Siempre contra la barbarie
Isaac Bashevis Singer, te leo hoy buscando respuestas, pero tus personajes hablan por sí mismos. ¿Qué pensarías de lo que está pasando en Gaza?


Isaac, hijo del rabino Pinkhas y de Betsabé. Isaac, nacido en Polonia en 1902. Quisiste agradar a tu padre y comenzaste a estudiar en la yeshiva, pero te arrastró tu carácter escéptico y el ejemplo de tu hermano, Israel Yoshua, que desde muy joven te inculcó el amor por la literatura. Isaac, discípulo por supuesto de Spinoza, lector de Dostoievski, de Chéjov, también de Thomas Mann al que tradujiste a una lengua casi extinta. Elegiste el yidis para expresarte porque se escribe en la que se sueña. También porque, decías, el yidis es el idioma en el que hay más palabras para nombrar a un pobre y porque carece de vocabulario para decir armas, municiones, ejercicios militares, tácticas de guerra.

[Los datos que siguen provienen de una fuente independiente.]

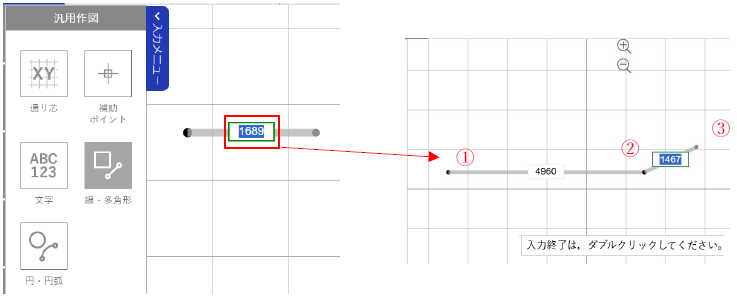 ③ (3点目)次の箇所をダブルクリックすると1点目から2点目までの線を描画します。
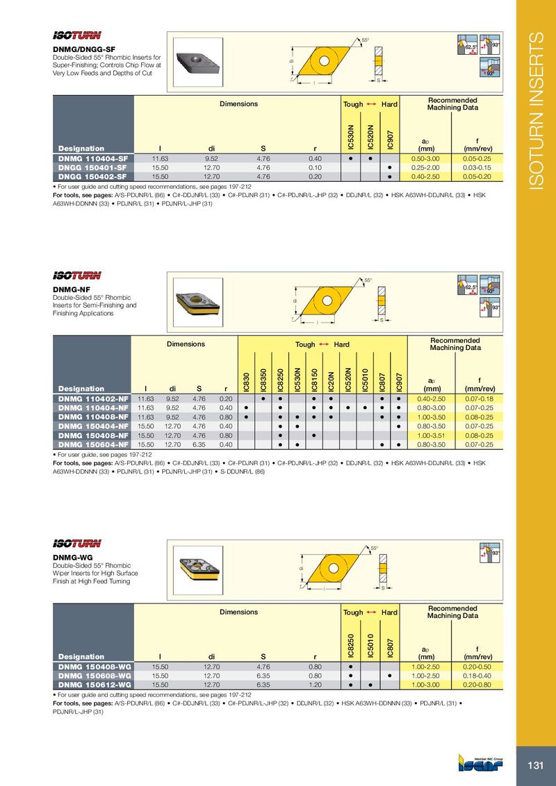 55° 62.5° 93° DNMG/DNGG-SF Double-Sided 55° Rhombic Inserts for di Super-Finishing; Controls Chip Flow at Very Low Feeds and Depths of Cut 93º r S l Recommended Dimensions Tough 1 Hard Machining Data a p f Designation l di S r IC530N IC520N IC907 (mm) (mm/rev) DNMG 110404-SF 11.63 9.52 4.76 0.40 • • 0.50-3.00 0.05-0.25 DNGG 150401-SF 15.50 12.70 4.76 0.10 • 0.25-2.00 0.03-0.15 DNGG 150402-SF 15.50 12.70 4.76 0.20 • 0.40-2.50 0.05-0.20 • For user guide and cutting speed recommendations, see pages 197-212 ISOTURN INSERTS For tools, see pages: A/S-PDUNR/L (86) • C#-DDJNR/L (33) • C#-PDJNR (31) • C#-PDJNR/L-JHP (32) • DDJNR/L (32) • HSK A63WH-DDJNR/L (33) • HSK A63WH-DDNNN (33) • PDJNR/L (31) • PDJNR/L-JHP (31) 55° 62.5° DNMG-NF 93º Double-Sided 55° Rhombic di Inserts for Semi-Finishing and 93° Finishing Applications r l S Recommended Dimensions Tough 1 Hard Machining Data a p f Designation l di S r IC830 IC8350 IC8250 IC530N IC8150 IC20N IC520N IC5010 IC807 IC907 (mm) (mm/rev) DNMG 110402-NF 11.63 9.52 4.76 0.20 • • • • • • 0.40-2.50 0.07-0.18 DNMG 110404-NF 11.63 9.52 4.76 0.40 • • • • • • • • 0.80-3.00 0.07-0.25 DNMG 110408-NF 11.63 9.52 4.76 0.80 • • • • • • • 1.00-3.50 0.08-0.25 DNMG 150404-NF 15.50 12.70 4.76 0.40 • • • 0.80-3.50 0.07-0.25 DNMG 150408-NF 15.50 12.70 4.76 0.80 • • 1.00-3.51 0.08-0.25 DNMG 150604-NF 15.50 12.70 6.35 0.40 • • • • 0.80-3.50 0.07-0.25 • For user guide, see pages 197-212 For tools, see pages: A/S-PDUNR/L (86) • C#-DDJNR/L (33) • C#-PDJNR (31) • C#-PDJNR/L-JHP (32) • DDJNR/L (32) • HSK A63WH-DDJNR/L (33) • HSK A63WH-DDNNN (33) • PDJNR/L (31) • PDJNR/L-JHP (31) • S-DDUNR/L (86) 55° 93° DNMG-WG Double-Sided 55° Rhombic di Wiper Inserts for High Surface Finish at High Feed Turning r l S Recommended Dimensions Tough 1 Hard Machining Data a p f Designation l di S r IC8250 IC5010 IC807 (mm) (mm/rev) DNMG 150408-WG 15.50 12.70 4.76 0.80 • 1.00-2.50 0.20-0.50 DNMG 150608-WG 15.50 12.70 6.35 0.80 • • 1.00-2.50 0.18-0.40 DNMG 150612-WG 15.50 12.70 6.35 1.20 • • 1.00-3.00 0.20-0.80 • For user guide and cutting speed recommendations, see pages 197-212 For tools, see pages: A/S-PDUNR/L (86) • C#-DDJNR/L (33) • C#-PDJNR/L-JHP (32) • DDJNR/L (32) • HSK A63WH-DDNNN (33) • PDJNR/L (31) • PDJNR/L-JHP (31) 131
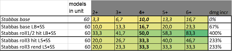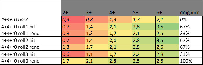 For true practical use, apply the buffs and de-buffs to the roll you will face beforehand. Say you use all out attack and your opponent uses all out defence, interpret your profile as 4+5+0r. In that case, your hit and rend will each net you a 67% damage increase, while your wound-roll will boost your damage by 150%, making that the obvious choice. Make sure you consider every buff and de-buff and make sure you remember that it’s useless to rend beyond a 7+ save.
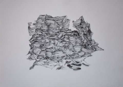 Island, 2020, 30 x 41 cm, blyant på papir, pris 2800,- (incl. ramme/passepartout) |  Light, 2020, 30 x 41 cm, blyant på papir, pris 2800,- (incl. ramme/passepartout) |  Uden titel, 2020, 30 x 41 cm, blyant på papir, SOLGT |
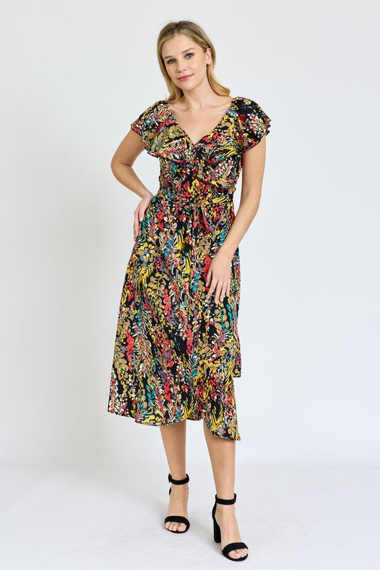 Ruffle Floral V-Neck Midi Dress (2 Color Options)

Presentiste el fin del mundo en el que habías nacido, el de los judíos pobres de Polonia, y emigraste a América, apoyado por Yoshua, que te ayudó a sobrevivir escribiendo artículos de curiosidades en un periódico yidis. Nueva York fue el territorio en el que se movían tus personajes, elocuentes, carentes de paz de espíritu, que habían dejado atrás un mundo poblado de cadáveres y trataban de sobrevivir en tierra extraña. Escribías lo que escuchabas en las cafeterías en las que en torno a una sopa se reunía una intelectualidad sin patria. Allí escuchabas, tímido, incapaz aún de responder a los requiebros de las actrices de los teatros yidis que te consideraban atractivo, bloqueado literariamente en los primeros tiempos neoyorquinos por no encontrar palabras para nombrar el nuevo mundo. Eras el joven prometedor y peculiar. Eras un extraño destilado de fe y duda, de tradición y modernidad, de espiritualidad y lujuria. Tus mujeres hablan y hablan. Algunas perdieron a los hijos en los campos y coquetean con gentiles soñando con una suerte de renacimiento, ya no atienden a cuestiones morales y se entregan a los placeres inmediatos para olvidar. Pero eso es imposible y por las noches se les aparecen sus muertos. Las conocemos porque llenaste tu literatura de su dolor incesante.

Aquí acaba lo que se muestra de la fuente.